Pour l’institution, cette crise se manifeste de plusieurs manières dont le manque d’acquis chez les élèves, la non-compatibilité de ces acquis avec les besoins actuels et futurs du pays, l’acculturation quasi généralisée, la nature des valeurs apprises à l’école, l’absence d’égalité ou encore l’approfondissement des écarts.
Les disparités sociales déterminent la réussite scolaire
« Le déficit éducatif est aggravé par les disparités sociales produites et consacrées par l’école à tous les niveaux« , indique le rapport, ajoutant que « les irrégularités de la gouvernance et la résistance du système à tout renouvellement transforment toute volonté de changement en réformes incomplètes« .
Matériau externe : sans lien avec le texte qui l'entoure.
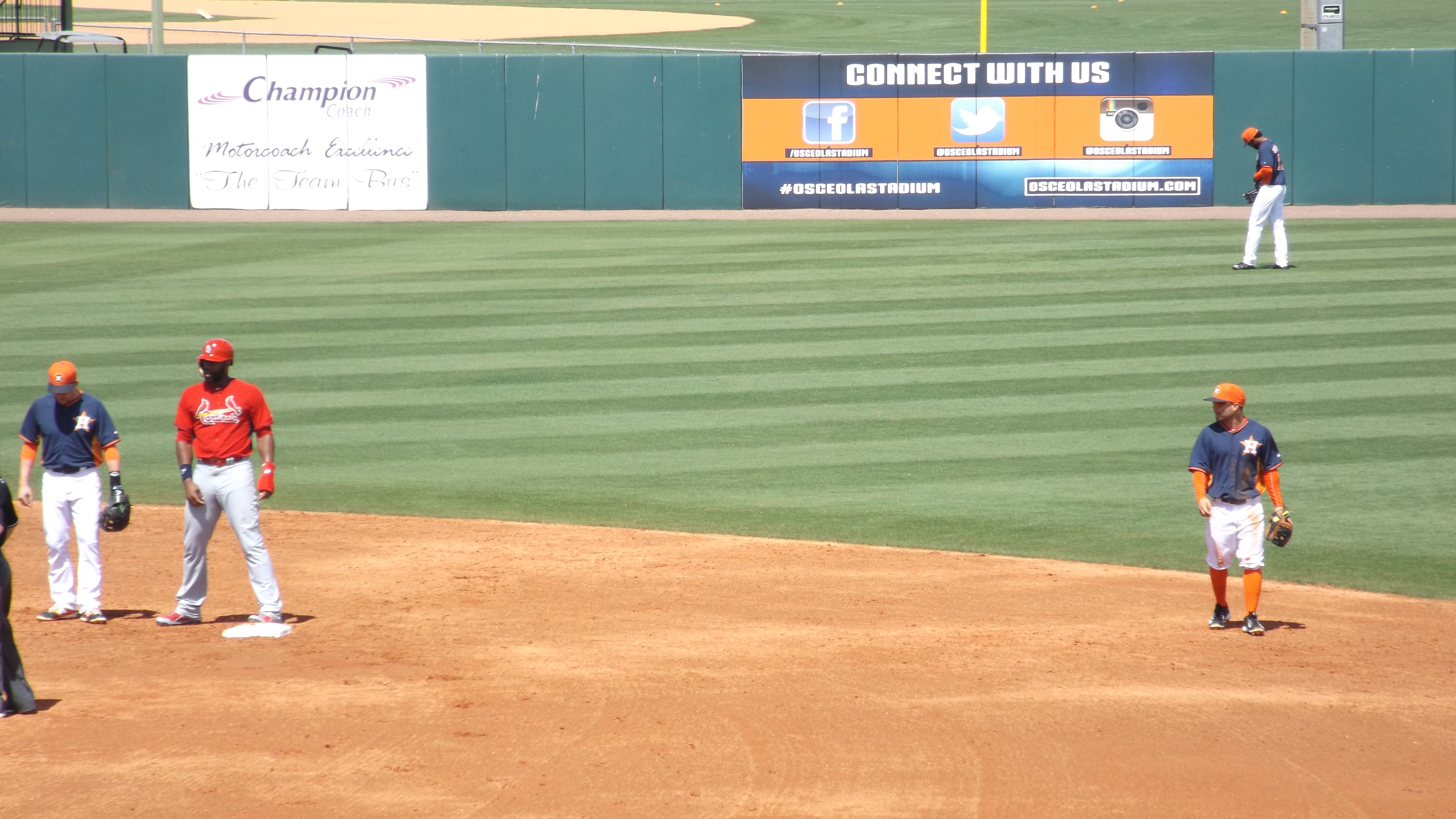We chose to catch an Astros game, despite Kissimmee also being the Braves’ spring training site. The Astros hosted the St. Louis Cardinals, one of the best-run teams in all of baseball for many years. The Cards are also the new home of one of Atlanta’s best young stars, Jason Heyward. The Braves sent him to the Cardinals for a pitching prospect who disappointed everybody in 2014. My buddy Walter and I saw Heyward in spring training five years ago (Heyward homered to dead center) and I wanted to appreciate the loose athleticism of J Hey one more time. I also wanted to see superstars-to-be George Springer and Carlos Correa of the Astros.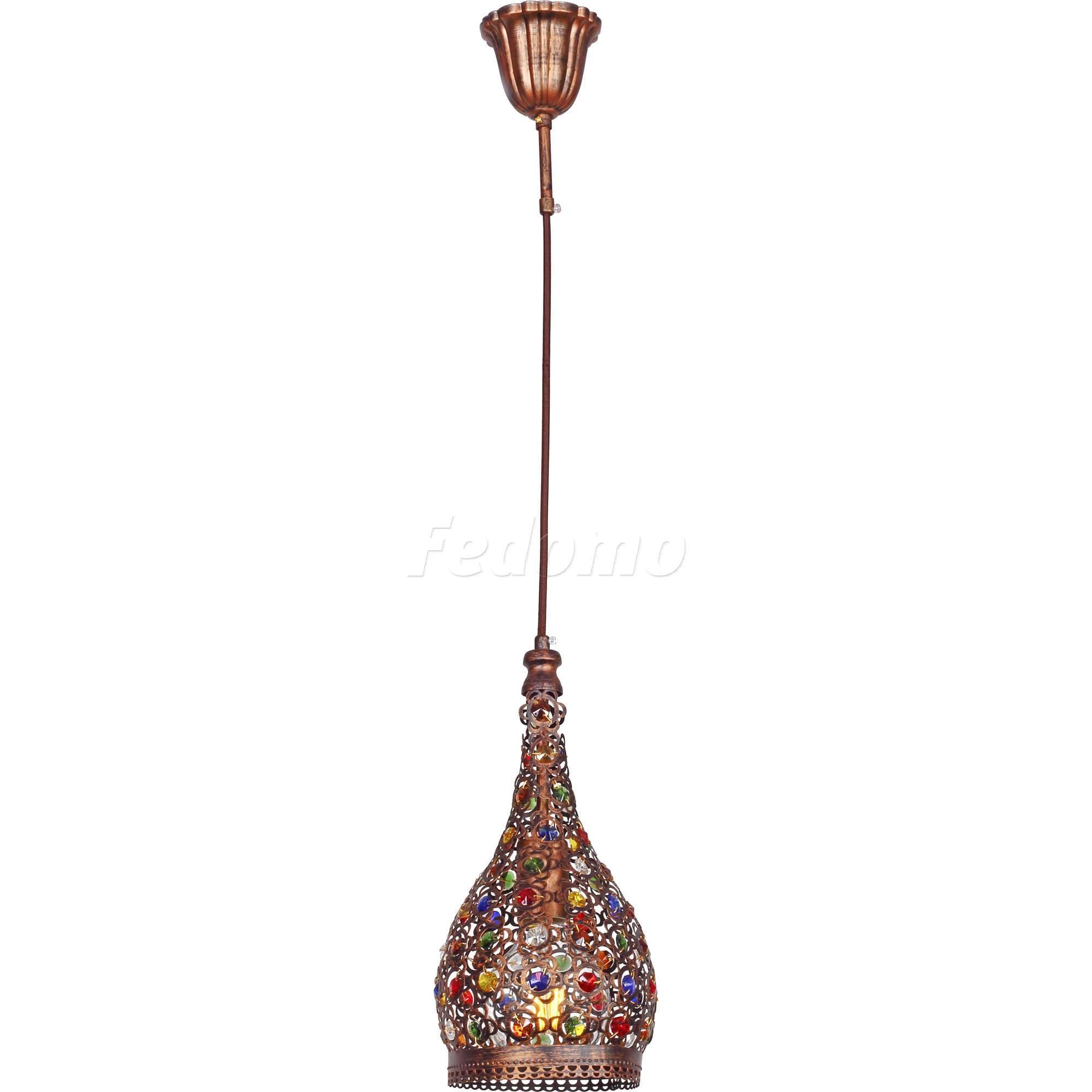 Лампы 1*E27*40W, excluded. Металл окрашен в коричневый цвет, цветной хрусталь. Материал и цвет арматуры металл, цвет коричневый. Декор стекло разноцветное.

Si le principe de mérite est la base de tout système d’éducation, le CSERFS relève que les disparités observées au niveau de la réussite scolaire en démontrent les limites, révélant que « l’origine sociale est le facteur principal« .
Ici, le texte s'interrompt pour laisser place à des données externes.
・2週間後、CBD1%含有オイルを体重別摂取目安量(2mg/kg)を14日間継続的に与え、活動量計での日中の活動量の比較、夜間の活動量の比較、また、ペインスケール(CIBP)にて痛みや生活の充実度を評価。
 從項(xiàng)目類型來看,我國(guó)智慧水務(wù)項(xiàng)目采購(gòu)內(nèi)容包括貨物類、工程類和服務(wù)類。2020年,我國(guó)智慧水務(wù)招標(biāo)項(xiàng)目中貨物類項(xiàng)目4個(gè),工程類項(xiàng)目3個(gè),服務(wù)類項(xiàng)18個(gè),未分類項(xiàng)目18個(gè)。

Selon les chiffres du Programme national d’évaluation des acquis (PNEA) en 2016 cités par le rapport, « l’influence sociale (80%) est largement plus déterminante que l’influence scolaire (20%) ». Le CSEFRS note ainsi que le concept de mérite personnel conduit à l’exclusion massive des élèves, « particulièrement en raison des retards accusés par la généralisation de l’enseignement obligatoire« .
Le Conseil rappelle que « les étudiants possédant un ordinateur et internet à domicile ont un taux de réussite en français et en mathématiques plus élevé (53%) que ceux qui en sont dépourvus (26%)« . De même, les élèves de 1ère Bac avec un parent titulaire du diplôme universitaire minimum obtiennent de meilleurs résultats (+64 pts en maths et +62 pts en sciences) que ceux ayant un parent qui ont seulement terminé le cycle du collège.
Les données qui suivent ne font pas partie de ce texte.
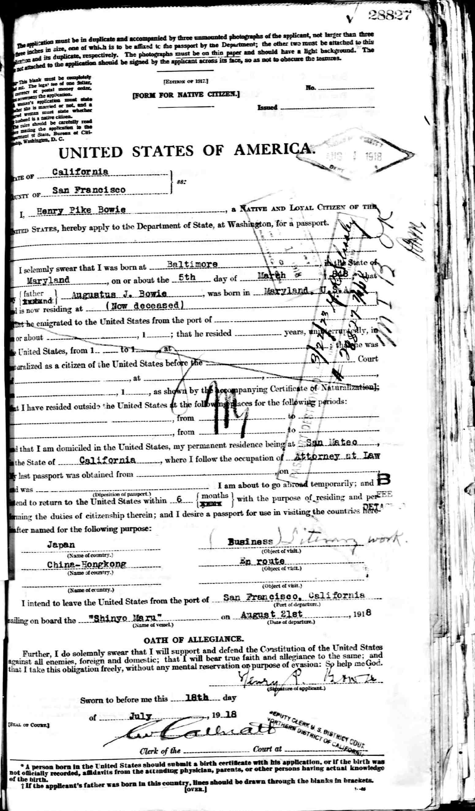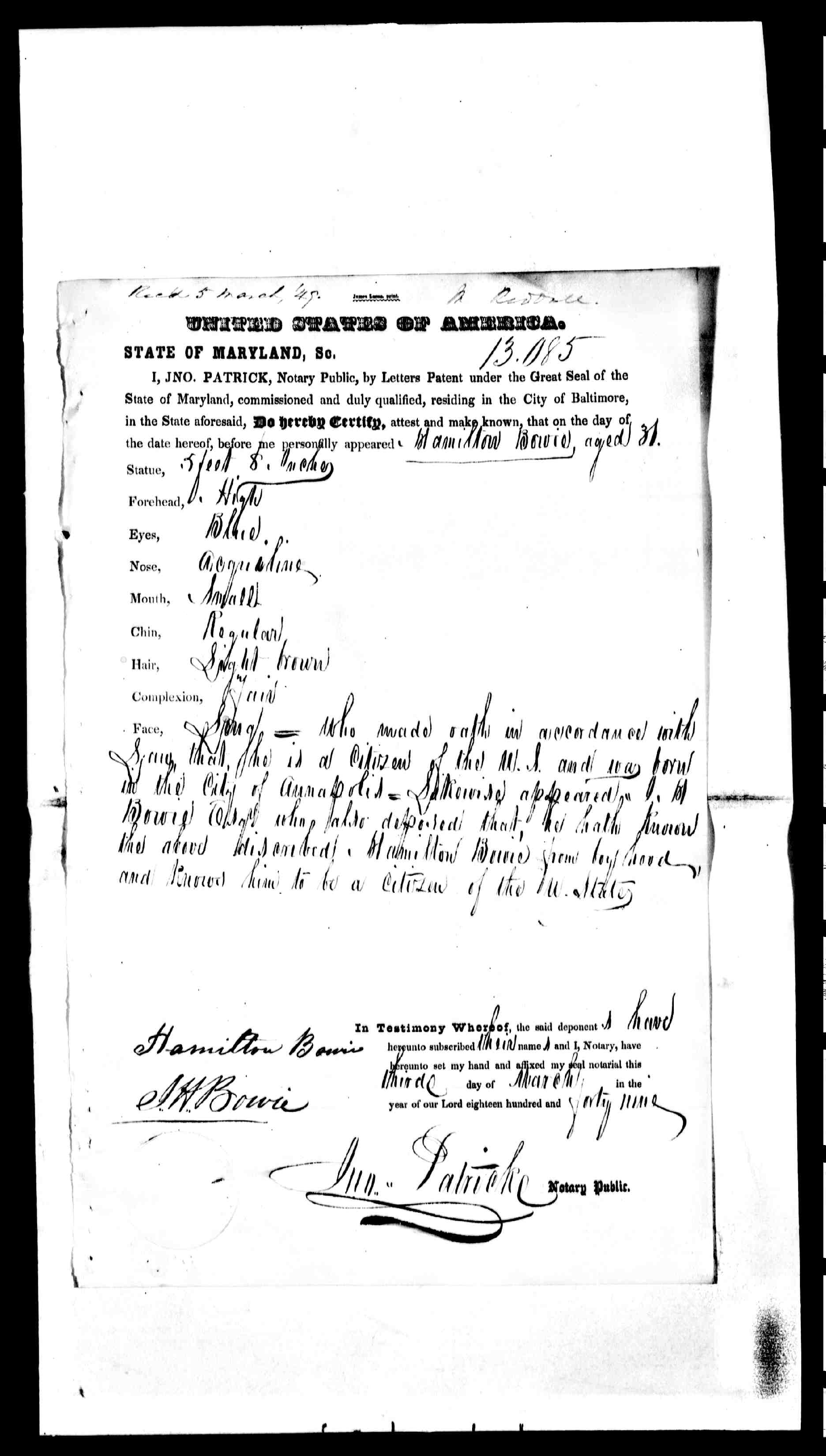 | Henry Pike Bowie - Passport

Ces disparités sont plus ou moins marquées en fonction du genre et du milieu géographique. Dans l’espace urbain, la moyenne des années de scolarisation des +15 ans s’élève à 7,13, contre 3,24 seulement dans le milieu rural, sachant que la moyenne nationale est de 5,64. Chez les hommes, cette moyenne est estimée à 6,52 contre 4,8 chez les femmes.
Les oppositions entre école privée et école publique, mais aussi entre écoles supérieures et facultés sont également pointées par le rapport. « Si l’école publique reste la plus prisée (84% pour le primaire et 91% pour le collège et le lycée), l’école privée reste le moyen d’assurer une éducation de qualité« , souligne le document.
Pour ce qui est de l’enseignement supérieur, les établissements à accès limité (écoles d’ingénieurs, grandes écoles…) attirent les élèves ayant les meilleures notes au baccalauréat, tandis que les établissements à accès ouvert (facultés…) accusent un taux d’abandon très élevé (64% des étudiants quittent l’établissement sans le moindre diplôme).